The HubSpot AEO Grader is a legitimate tool. It gives you five real scores across three real AI platforms, costs nothing, and takes two minutes. The problem isn't what it measures. It's what it can't see, and that gap is exactly where most brands' citation problems actually live.
We ran Cited By AI® through the grader ourselves. ChatGPT gave us a 36 overall, with a Share of Voice score of 0/10. Perplexity scored us 49. Gemini, 50. Those numbers are honest; we're a young brand in a fast-moving category. But here's what the grader couldn't tell us: which paragraph on our site is causing the ChatGPT score to be 14 points lower than Perplexity, and what specifically to change about it.
That's not a criticism of HubSpot. It's a description of what the tool is built to do. Understanding the distinction is what tells you what to do next.

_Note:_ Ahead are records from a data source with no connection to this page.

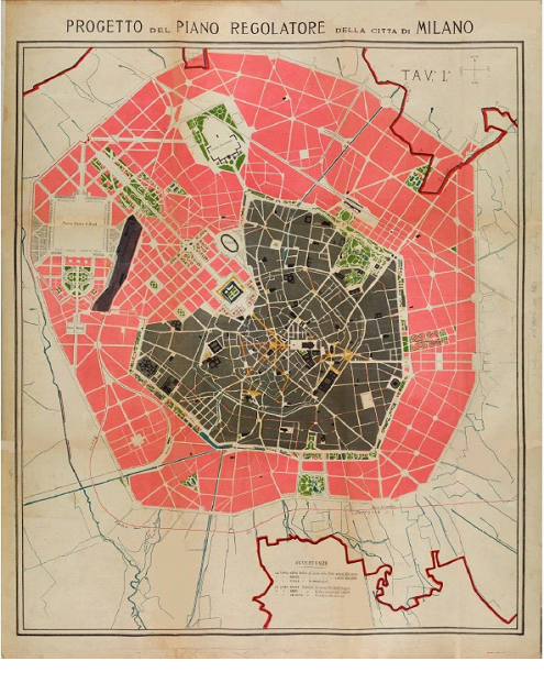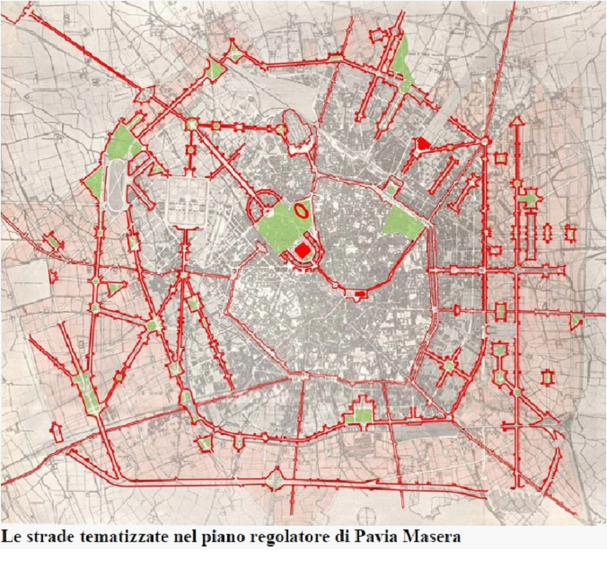 Ma nel frattempo la gamma delle strade e delle piazze tematizzate era andata arricchendosi dei boulevard – strade più larghe, di solito fino a cinquanta metri – disposti l’uno di seguito all’altro con nello snodo uno square costituito da un vero e proprio giardino pubblico, come piazza Piola o piazza Frattini, e delle passeggiate, queste larghe fino a novanta metri, come viale Argonne e corso Sempione: queste cospicue strade tematizzate saranno caratteristiche dell’ultimo frutto del piano di Cesare Beruto, il piano Pavia-Masera, che copre l’intero territorio comunale nel 1912, forse non a caso adottato da un sindaco socialista il medesimo anno nel quale anche in Italia verrà esteso il voto a tutti i cittadini maschi.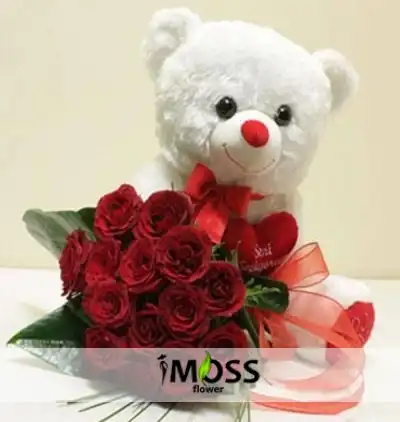 9 Adet Kırmızı Gül & Şirin Ayıcık Tasarım 'da kullanılan çiçek ve aksesuarlar stok durumuna göre farklılık gösterilebilir.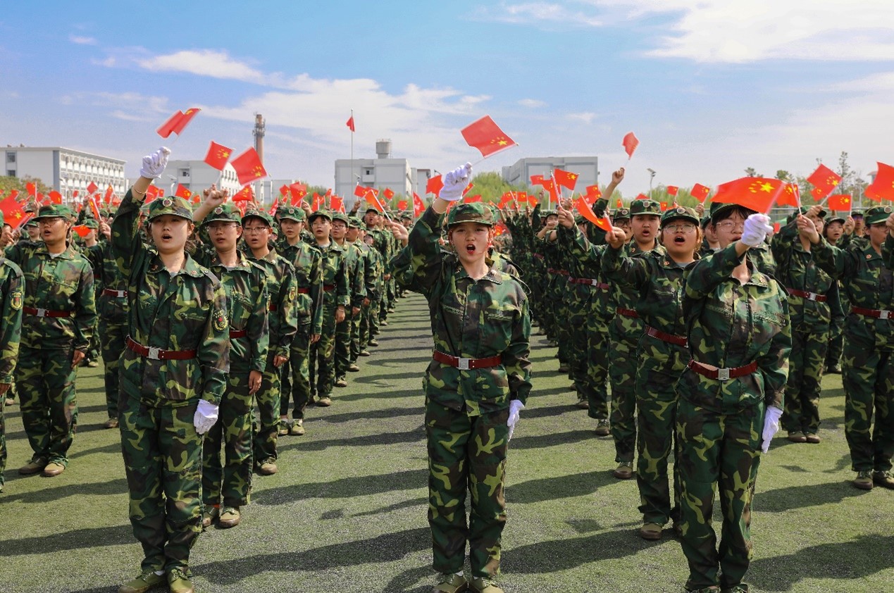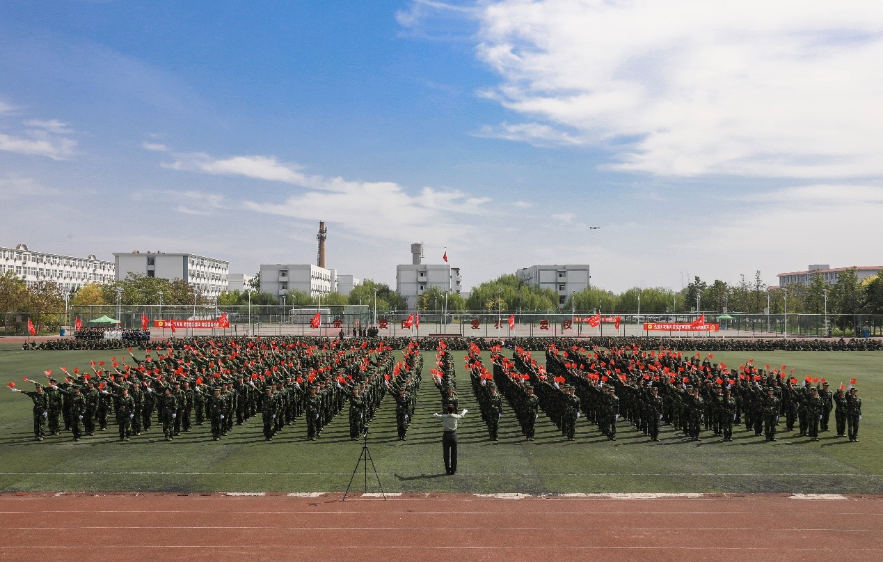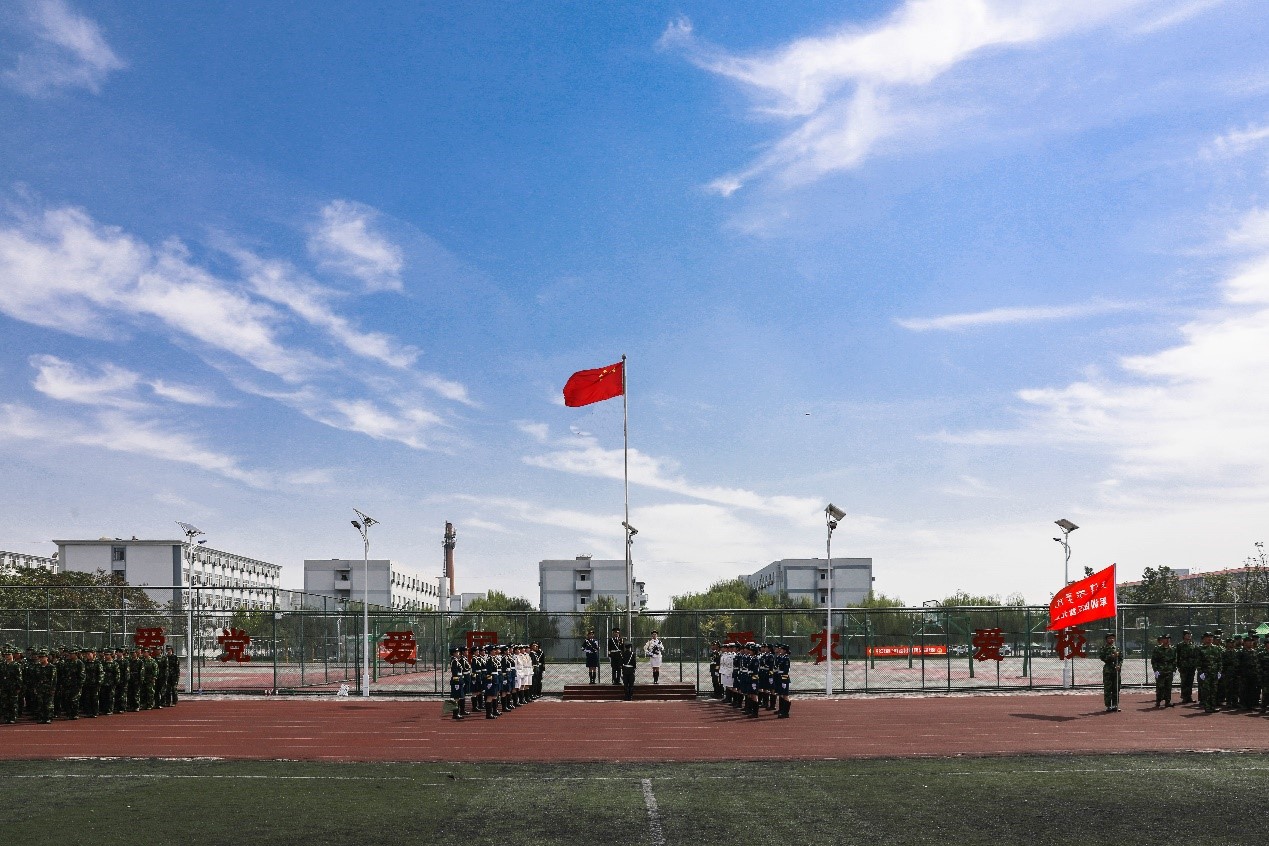 伴随着全场师生嘹亮激昂的国歌声,五星红旗冉冉升起,军训成果汇报大会拉开帷幕。

What the HubSpot AEO Grader actually measures
The grader evaluates your brand across five scored dimensions, cross-validated across ChatGPT (OpenAI), Perplexity, and Gemini. It doesn't query Claude or Microsoft Copilot. The five dimensions are:
-
Sentiment AnalysisTone of AI descriptions across three layers: overall sentiment, contextual sentiment by topic, and source-based sentiment. Scored out of 40, the highest-weighted dimension.
-
Brand RecognitionHow frequently and prominently your brand appears in AI-generated responses. Scored out of 20.
-
Presence QualityData richness: the variety, depth, and consistency of information available about your brand across AI training data. Scored out of 20.
-
Share of VoiceYour estimated percentage of category-level AI mentions relative to competitors. Scored out of 10.
-
Market PositionCompetitive classification: Leader, Challenger, or Niche Player, plus an innovation archetype (Innovator, Disruptor, Traditionalist). Scored out of 10.
These are all real signals. A low Sentiment score means AI is describing your brand in neutral or negative terms. A low Presence Quality score means AI models have thin or inconsistent data about you. A Share of Voice of 0/10 (which is what we got from ChatGPT) means you're not being mentioned in category conversations at all on that platform.
All of that is worth knowing. The question is what you do with it.
Our actual scores, and what the grader said
Running Cited By AI® through the grader on 7 April 2026 produced this:
| Dimension | ChatGPT | Perplexity | Gemini |
|---|---|---|---|
| Overall Score | 36/100 | 49/100 | 50/100 |
| Brand Recognition | 2/20 | 3/20 | 3/20 |
| Market Score | 6/10 | 6/10 | 6/10 |
| Presence Quality | 5/20 | 9/20 | 9/20 |
| Brand Sentiment | 23/40 | 29/40 | 30/40 |
| Share of Voice | 0/10 | 2/10 | 2/10 |
The grader's verdict across all three platforms: "You're on the right track, but there's room to further optimise for AEO." That's accurate. It's also where the diagnosis stops.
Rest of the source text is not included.